Il commento di Peter Pett alla Bibbia
2 Corinzi 5:14-15
Perché l'amore di Cristo ci costringe ("ci stringe forte"), perché così giudichiamo, che uno è morto per tutti, quindi tutti sono morti, ed è morto per tutti, affinché coloro che vivono non vivano più per se stessi, ma per lui che per causa loro è morto e risorto.
Per quello che fanno, lo fanno perché sono vincolati dall'amore di Cristo, l'amore che Cristo ha per loro (potrebbe significare l'amore che abbiamo per Cristo, ma il riferimento immediato alla croce indica il suo amore per noi) . Sono presi dal Suo amore. Il suo amore per loro, rivelato attraverso la croce, li spinge a rivelare un simile amore per gli altri. Era disposto a morire per loro? Quindi erano disposti a morire per gli altri. Ha mostrato il suo amore per loro? Così mostreranno il loro amore per gli altri.
Infatti la morte di Cristo fu tale che "tutti" ne parteciparono. Morì 'per tutti' (cioè per tutti coloro che credono, sia ebrei che gentili), e 1 Corinzi 15:3 ci dice che fu 'per i nostri peccati'. E in quel fatto che è morto per tutti, tutti sono morti. La sua morte per i peccati è stata contata a loro favore. Il fatto che quest'ultimo 'tutti' debba riferirsi solo ai cristiani suggerisce che lo faccia anche il primo.
Così la figura morente sulla croce soffrì per i peccati di tutti coloro che volevano essere suoi. E come Lui è morto, noi siamo morti in Lui. La sua morte comprendeva in sé una molteplicità di morti, le morti di tutti coloro che sarebbero stati "in Lui". In Lui si pagava la condanna a morte per peccato per quella moltitudine innumerevole. Che questo abbia forza sostitutiva non può essere ragionevolmente negato, anche se possiamo includere anche la rappresentanza.
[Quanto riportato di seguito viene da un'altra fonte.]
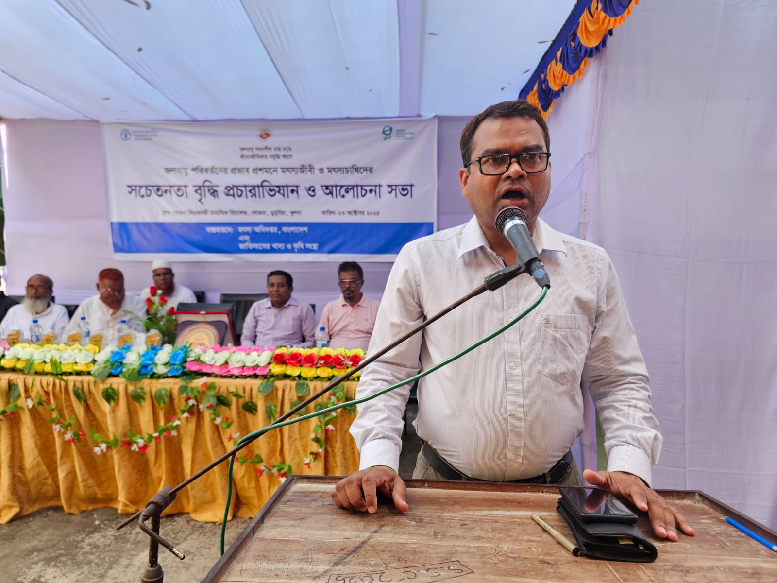 জলবায়ু পরিবর্তনের প্রভাব প্রশমনে মৎস্যজীবী ও মৎস্যচাষিদের সচেতনতা বৃদ্ধি প্রচারাভিযানে বৃহস্পতিবার ২৩ অক্টোবর ২০২৫সকাল ৮টায় ডুমুরিয়ার শোভনা বিরাজময়ী মাধ্যমিক বিদ্যালয়, ময়দানে মৎস্য অধিদপ্তর, বাংলাদেশ এবং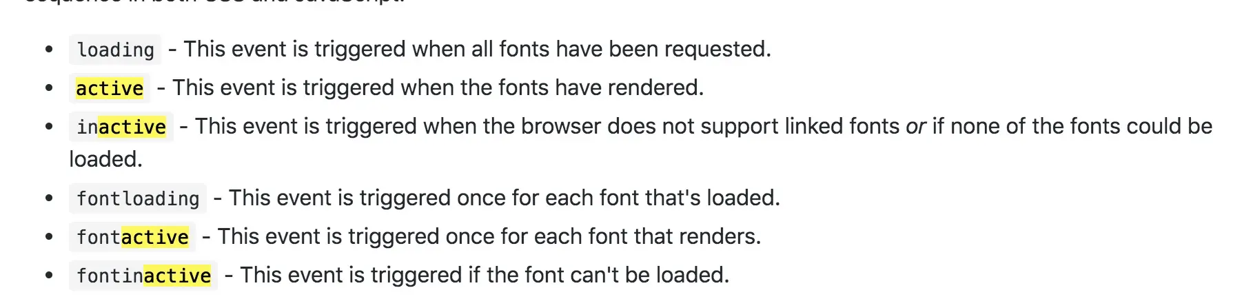 首先通过require引入webfontloader,并且动态插入一个script标签载入google的字体,然后调用webfontloader的load方法进行配置监听,当字体加载完成后就会触发active钩子,开始绘制对应字体的内容,webfontloader提供了一个完整的事件系统钩子给开发者调用:

Egli è morto al loro posto e come loro rappresentante, e quindi si considerano morti con Lui ( Galati 2:20 ). La sua morte è imputata a loro perché la legge non possa condannarli. Si è accontentato di essere morti in Lui ( Galati 3:10 ) e non può più puntare il dito accusatore ( Romani 7:6 ). Perché se così fosse, risponderemmo coraggiosamente: 'Sono già morto in Cristo. Il prezzo che devo è stato pagato.'
E lo scopo ultimo del Suo morire per tutti era che coloro che sono morti con Lui non vivessero più per se stessi, ma per Colui che per loro è morto per loro e risorto. Devono considerarsi, come erano una volta, come "il vecchio", come se fossero morti in modo che la loro vita non appartenesse più a loro. Devono considerarsi morti per il peccato e vivi per Dio ( Romani 6:11 ).
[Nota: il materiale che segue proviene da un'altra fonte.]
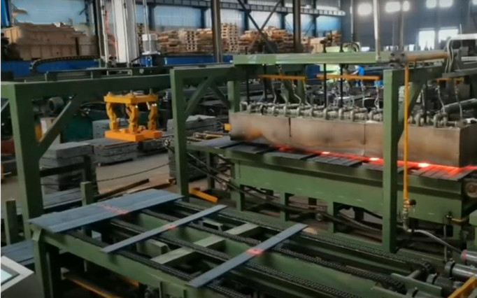 下图所示,是一家弹簧钢板设备的生产车间一角。什么是弹簧钢板?它指的是扁平长方形的钢板,呈弯曲形,以数片叠成的底盘用弹簧,一端以梢子安装在吊架上,另一端使用吊耳连接到大梁上,使弹簧能伸缩。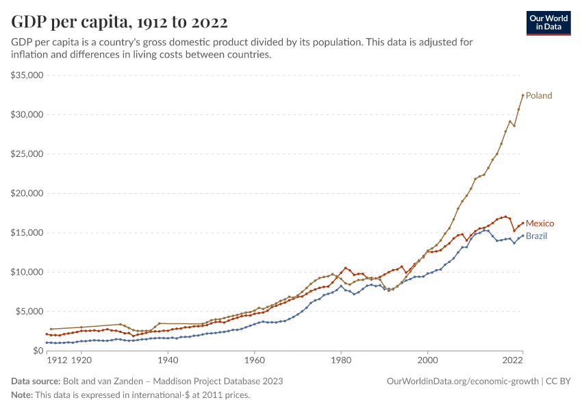 “Data Page: GDP per capita”, part of the following publication: Max Roser, Bertha Rohenkohl, Pablo Arriagada, Joe Hasell, Hannah Ritchie, and Esteban Ortiz-Ospina (2023) - “Economic Growth”. Data adapted from Bolt and van Zanden. Retrieved from https://archive.ourworldindata.org/20251111-144738/grapher/gdp-per-capita-maddison-project-database.html [online resource] (archived on November 11, 2025).How to cite this data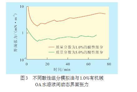 2.3有機堿OA水溶液與酸性組分模擬油間動態(tài)界面張力

E devono considerare se stessi, come sono l'uomo nuovo, come risorti con Cristo, e quindi come obbligati a Dio di vivere come Egli vive. Perché in lui sono stati risuscitati nei luoghi celesti ( Efesini 2:6 ) e devono vivere vite celesti come cittadini del cielo ( Filippesi 3:20 ).
L'ulteriore significato della croce è che coloro che vengono a riceverne il beneficio nel perdono dei peccati e nella salvezza ("per i nostri peccati"), poi riconoscono che quando Egli morì sulla croce così fecero loro, e quindi riconoscono che essendo morti al peccato, devono vivere come morti al peccato. Devono morire per tutti coloro che hanno messo Cristo sulla croce. Devono crocifiggere la carne con i suoi affetti e desideri ( Galati 5:24 ).
E devono vedersi risuscitati in lui a vita nuova, per piacere a Colui che anche lui è morto e risorto per loro. Devono lasciarlo vivere attraverso di loro. Nelle parole di Paolo altrove: «Sono stato crocifisso con Cristo. Comunque vivo. Eppure non sono io che vivo, ma Cristo che vive in me. E la vita che ora vivo nella carne la vivo mediante la fede nel Figlio di Dio che mi ha amato e ha dato se stesso per me» ( Galati 2:20 ).
Riconobbe che Cristo ora viveva in lui e desiderava vivere attraverso di lui. Così la sua vita da allora fu una vita offerta a Colui che lo amava. Per questo i Corinzi possono riconoscere la genuinità del suo messaggio e delle sue preoccupazioni.